Я отвечал утвердительно – не боясь подвоха, но будучи в нем уверен и зная, что все равно окажусь в луже, из которой меня приподнимут за шиворот, чтоб плюхнуть вновь.
– Так вот, мальчик, – продолжал он, и по едва заметному жесту я улавливал, что надо налить еще. Он выпивал, вставал, – и больше не удостаивал меня взглядом в продолжении всех слов. Плевать ему было на меня. Я был – внешний мир. Я был – контактная пластина этого мира. К миру он обращался, не больше и не меньше.
– Все беды от невежества, – говорил он. – А невежество – из неуважения к своему уму. Из счастья быть бараном в стаде.
– Невежество. Нечестность. Глупость. Подчиненность. Трусость. Вот пять вещей, каждая из которых способна уничтожить творчество. Честность, ум, знание, независимость и храбрость – вот что тебе необходимо развить в себе до идеальной степени, если ты хочешь писать, мальчик. Те, кого чествуют современники – не писатели. Писатель – это Эдгар Аллан По, мальчик, – и он клал руку на корешок книги с таким выражением, как если б это было плечо мистера Э.А. По. Он актерствовал, – но прокручивая в голове эти беседы, я не находил в его актерстве отклонений от истины. Может, это мы актерствуем всякий раз, когда отклоняемся от естественности порыва?
– О честности, – говорил он, и голос его садился и сипел стершейся иглой, не способный выдержать накал исходящей энергии, – энергии, замешанной на познании, страдании, злости. – Ты обязан отдавать себе абсолютный отчет во всех мотивах своих поступков. В своих истинных чувствах. Не бойся казаться себе чудовищем, – бойся быть им, не зная этого. И не думай, что другие лучше тебя. Они такие же! Не обольщайся – и не обижайся.
Тогда ты поймешь, что в каждом человеке есть все. Все чувства и мотивы, и святость и злодейство.
Это все – хрестоматийные прописи. Ты невежествен, – и я не виню тебя в этом. Ты должен был знать это все в семнадцать лет, хотя понять тогда еще не мог бы. Но тебе двадцать четыре! что ты делал в своем университете, на своем филфаке, скудоумный графоман?! – И его палец расстреливал мою переносицу. Я вжимался в спинку кресла и потел.

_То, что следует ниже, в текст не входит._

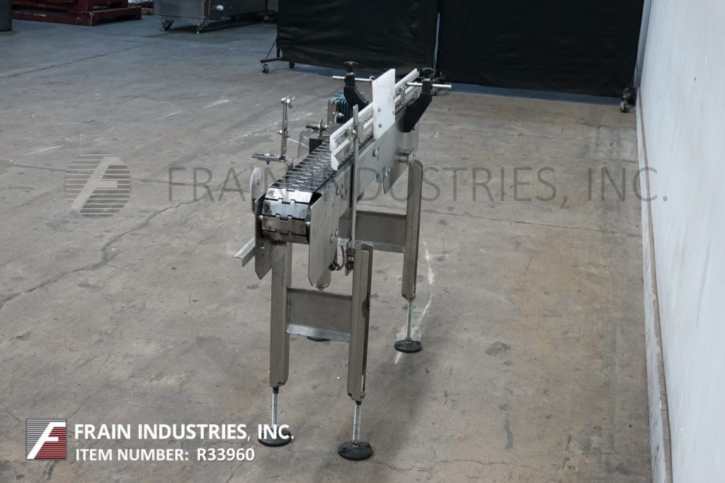 BMI stainless steel frame belt conveyor. Equipped with variable speed controler, 4½" wide x 56" long stainless steel table top product conveyor belt, adjustable guide rails and has 31" to 37" in feed and discharge height range. Mounted on (4) leg stainless steel leg frame with leveling pads.

– Без честности – нет знания. Нечестный – закрывает глаза на половину в жизни.
Наши чувства, наша система познания, восприятия действительности – как хитрофокусное стекло, сквозь которое можно видеть невидимую иначе картину мира. Но есть только одна точка, из которой эта картина видится неискаженной, в гармоничном равновесии всех частей – это точка истины. Точка прозрения в абсолютной честности, вне нужд и оценок.